Hatırlanacağı üzere, GKRY tek yanlı münhasır ekonomik bölge ilanı ardından sismik araştırmalara başlayınca GKRY-İsrail Rusya arasında 20-23 Ekim tarihleri arasında her üç donanmanın adada hava savunma, denizaltı taaruz ve karşı-deniazaltı tekniklerini içeren ve ortak harekat prosedürlerinin geliştirilmesinin amaçlandığı çok uluslu bir tatbikat icra etmişti.Rusya’nın Akdeniz Donanmasının amiral gemisi (flag ship) olan Rus anti-denizaltı gemisi Kulakov ile Rus Karadeniz donanmasından çıkarma gemisi Novocherkassk’ın da katıldığı bu tatbikatta gerçek roket atışları da icra edilmişti. Türkiye’nin ve NATO’nun bu atağa cevabı ise 2014’te Mavi Balina Tatbikatı şeklinde olmuştu.

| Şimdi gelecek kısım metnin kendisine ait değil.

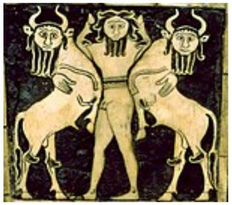 Mesopotamian bull-man Enkidu, also a partner of Gilgamesh, and suggests a
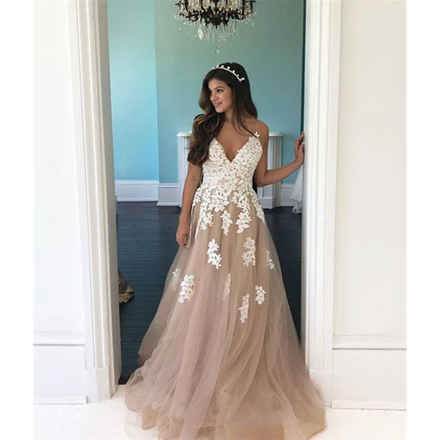 2018 Champagne Tulle Evening Dress With White Lace Sexy Backless Spaghetti Strap A Line Long Prom Gowns Robe De Soiree Cheap
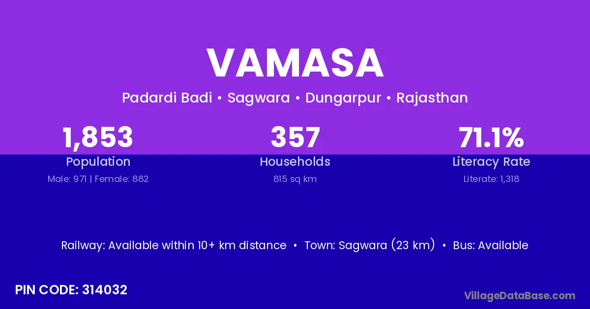 Sagwara (23 km) is the nearest town to Vamasa village for major economic activities and is located approximately 23 km away.
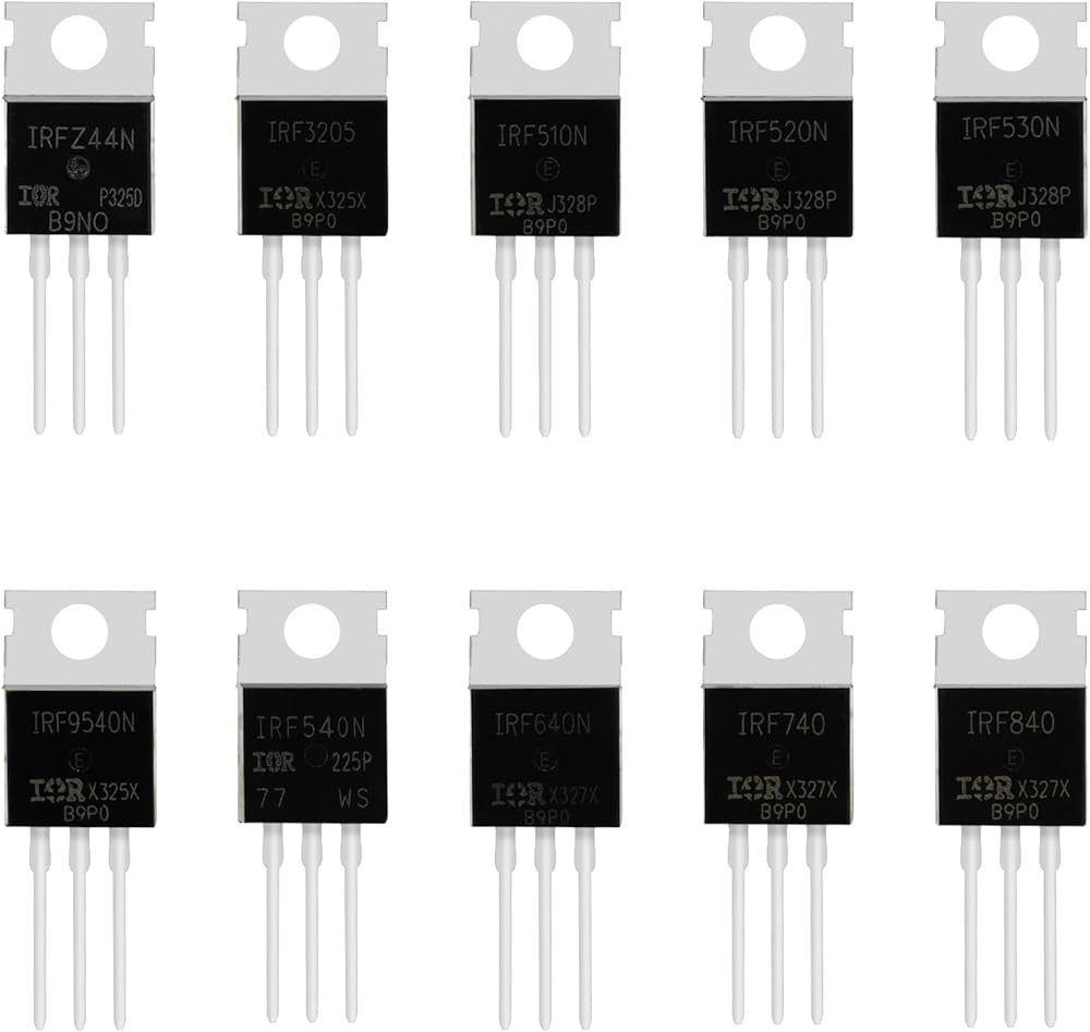 • قناة N: IRFZ44N، IRF3205، IRF510N، IRF520N، IRF530N، IRF540N، IRF640N، IRF740، IRF840. القناة P: IRF9540N
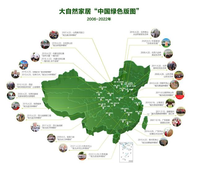 除此之外,為提高社會公眾造林綠化、改善生態(tài)環(huán)境的意識,自2006年起積極推進(jìn)“中國綠色版圖工程”,大自然家居相繼開展了16年公益植樹活動。據(jù)相關(guān)數(shù)據(jù)統(tǒng)計(jì),截至 2022年 5 月,在國內(nèi)外 19 個(gè)地區(qū)種植了 27 片生態(tài)林,公益植樹超 100萬棵。與此同時(shí),大自然家居攜手澳門紅十字會開展十年公益計(jì)劃、“中國綠色搖籃工程”公益助學(xué)等活動,以切身行動投身公益,為用戶打造健康、環(huán)保的生活方式。
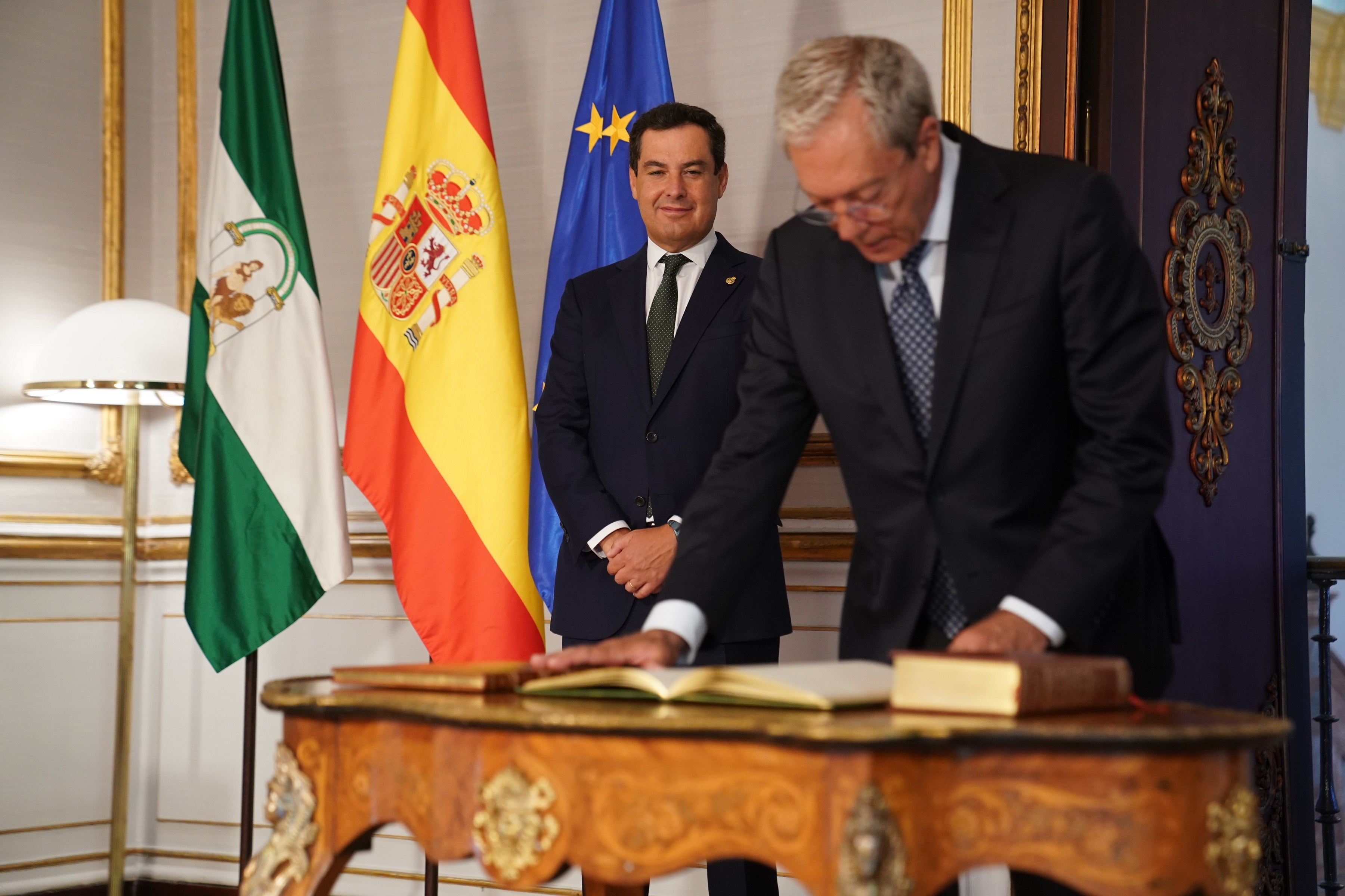 Rogelio Velasco ha tomado posesión de la cartera de Transformación Económica, Industria, Conocimiento y Universidad en un acto que ha presidido Juanma Moreno. La cartera de Velasco queda renombrada con esa denominación tras asumir las competencias en materia de actividades industriales y mineras.

Oysa GKRY bu tatbikatla yetinmeyecekti ve 12 Nisan 2014’te İsrail, ABD, Fransa ve Yunanistan’ın hava ve deniz kuvvetlerinin katılımıyla bir tatbikat gerçekleştirerek esas amacının Güney Kıbrıs ile İsrail’in MEB arasında “Nemesis 2014” arama kurtarma tatbikatı gerçekleştirme olduğunu belirtilecekti. Nitekim, gerçekleştirilen tatbikata, 7 savaş gemisi, doğalgaz platformlarını destekleme amacıyla 3 araştırma gemisi, çevre kirliliğiyle mücadele amaçlı 4 gemi, 6 helikopter ve farklı tipte 5 uçak katılmıştı. Şimdi bu tatbikatın ikincisinin 1 Temmuz 2015 itibariyle NEMESİS 2015 adlı çok uluslu ve büyük ölçekli Arama ve Kurtarma adı ile yeniden tekrarlandığına şahit oluyoruz. Sözde Kıbrıs Cumhuriyeti'nin Münhasır Ekonomik Bölgesi'nde (MEB), Kıbrıs SAR Birimleri ve personeli, İsrail, Yunanistan ve Amerika Birleşik Devletleri, bunun yanı sıra SAIPEM S.P.A.'nın SCARABEO-4 Yağ Rig ve EDT destek gemilerinin katılımı ile bölgesel askeri hareketlilik Türkiye olmaksızın gerçekleştiriliyor.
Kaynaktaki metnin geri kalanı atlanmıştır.